Si perché, oggi, primo dicembre, questa classifica recita: 1°Napoli 31, 2° Inter 30…..

Maurizio Sarri ce l’ha fatta: dopo un Inizio stentato, il suo Napoli non si è più fermato, scalando la classifica, vittoria e dopo vittoria, fino a raggiungerne la cima.

E dire che ieri non era per nulla facile; l’Inter è venuta al San Paolo “abbottonata”, con 9 uomini dietro la linea della palla e Perisic e Ljajic a fare, di fatto, i terzini.

Formazioni alla mano, partita complicata; fischio d’inizio, partita in discesa.

È naturale quando hai uno come Gonzalo Higuain, che pulisce nel miglior modo possibile un pallone sporco in area di rigore: palla che rimbalza, spalle alla porta, scaglia un tiro micidiale senza neanche guardare Handanovic. 1-0.

Napoli padrone del campo, attento dietro, pericoloso in avanti.

Poi l’episodio che cambia il match: a fine primo tempo espulso per doppio giallo il giapponese Nagatomo, Inter in 10.

I nerazzurri entrano in campo nella ripresa sotto di un gol e di un uomo, nella bolgia del San Paolo; entrano in campo come chi non ha nulla da perdere, sorprendendo un Napoli meno lucido.

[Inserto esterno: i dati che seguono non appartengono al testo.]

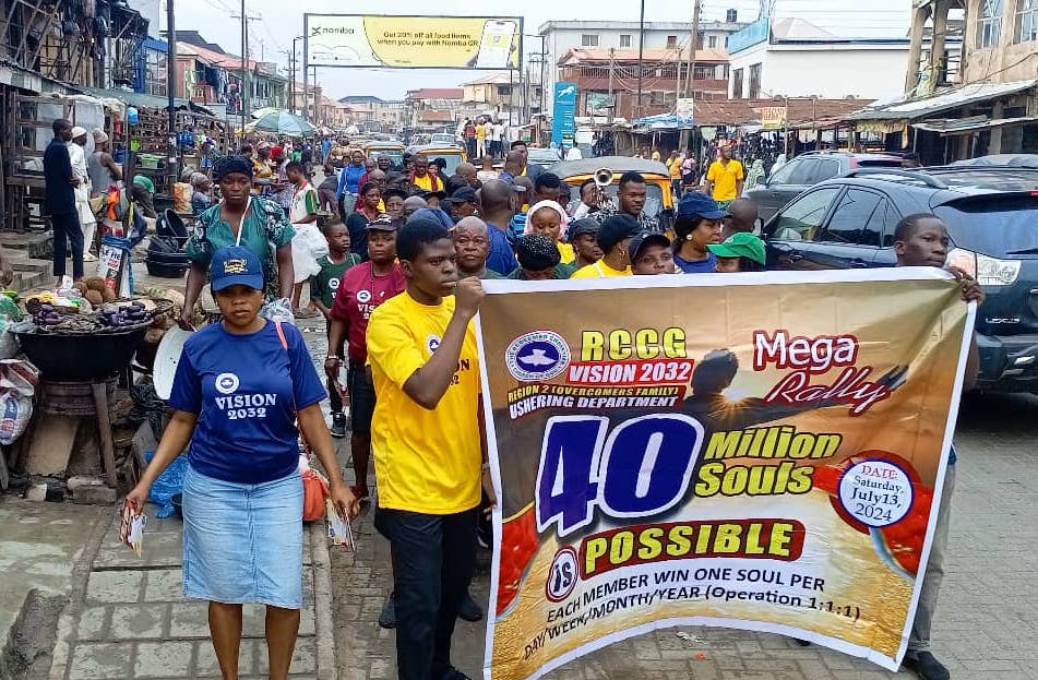 The Vision 2032 Planning Committee Chairman, Taiwo Adewunmi, reiterated the importance of evangelism and awareness, while Regional Head Usher, Anthony Oluwajobi, emphasized the need to fulfill the Lord’s commandment to preach the gospel to the whole world. “We are going to have 40,000 parishes with a minimum of 100 members,” Adewunmi explained. “If you multiply 40,000 by 100, you get a minimum of 40 million. What we are doing today is just evangelism, to create awareness for what we call the expansive drive for growth for the RCCG.”

Ancora una volta ci pensa Higuain: palla a scavalcare, più lesto di Murillo e Miranda, fisicamente inarrestabile, conclude la sua corsa infilando Handanovic. 2-0.

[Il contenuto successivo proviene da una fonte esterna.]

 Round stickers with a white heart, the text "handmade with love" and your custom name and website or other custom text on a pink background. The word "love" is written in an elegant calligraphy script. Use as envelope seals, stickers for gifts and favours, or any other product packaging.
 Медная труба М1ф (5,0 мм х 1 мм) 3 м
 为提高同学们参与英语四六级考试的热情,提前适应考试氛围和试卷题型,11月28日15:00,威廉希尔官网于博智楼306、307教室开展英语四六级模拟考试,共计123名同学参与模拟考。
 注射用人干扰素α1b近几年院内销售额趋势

Partita chiusa? Neanche a dirlo, immediata reazione di Ljajic, gran tiro su un rimpallo a favore.2-1.

Napoli in difficoltà: “mentalmente” l’espulsione di Nagatomo e lo scarto di due gol ha allentato la pressione sugli azzurri e la mancanza di innesti offensivi, con Mertens e Gabbiadini infortunati, ha pesato, non potendo Sarri contare su forze fresche per le ripartenze.

Il Napoli, con cuore e grinta, resiste, portando a casa la partita, grazie anche ad un “miracolo di Reina a tempo scaduto ed alla “dea bendata”, con due pali nerazzurri.

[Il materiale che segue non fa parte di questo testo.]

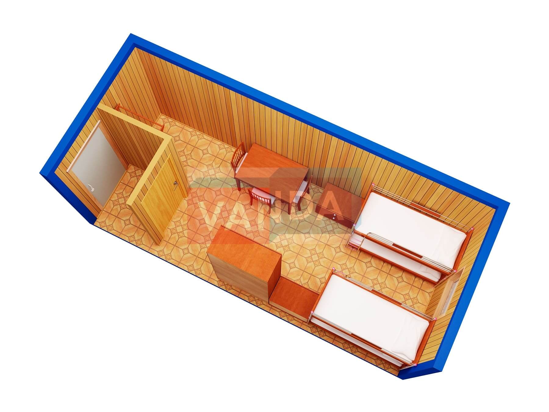 Металлическая бытовка без тамбура 5,85 x 2,4 - Вагонка ПВХ
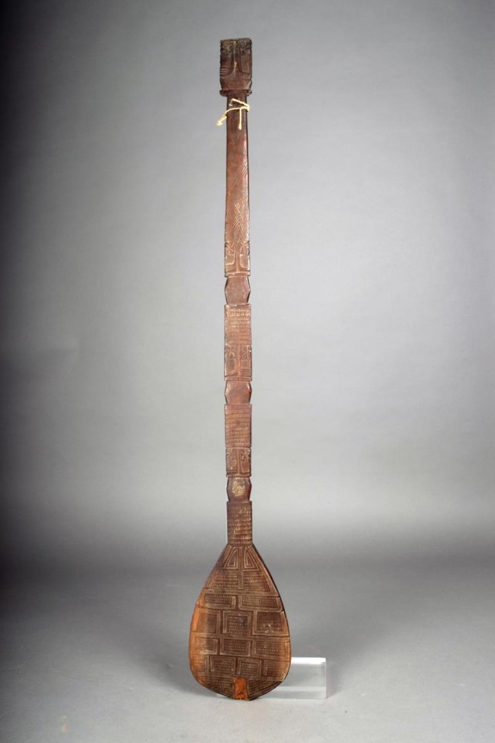 A Marquesas Islands paddle, Polynesia, with a flat ovoid blade and rectangular shaft, carved low relief geometric designs and Janus tiki figures, 95cm long.

È così che è maturata quella classifica: 1°Napoli 31, 2°Inter 30.

Era dalla stagione 1989-1990 che gli azzurri non erano da soli in testa alla classifica.

Molteplici le analogie: anche quell’anno  l’Inter, reduce da un ottimo mercato estivo, sembrava favorita; anche quell’anno i nerazzurri ne presero due al San Paolo; anche quell’anno l’attacco partenopeo era guidato da un argentino.

Quell’anno si chiuse con il secondo scudetto azzurro…

Scongiuri a parte, ora bisogna crederci.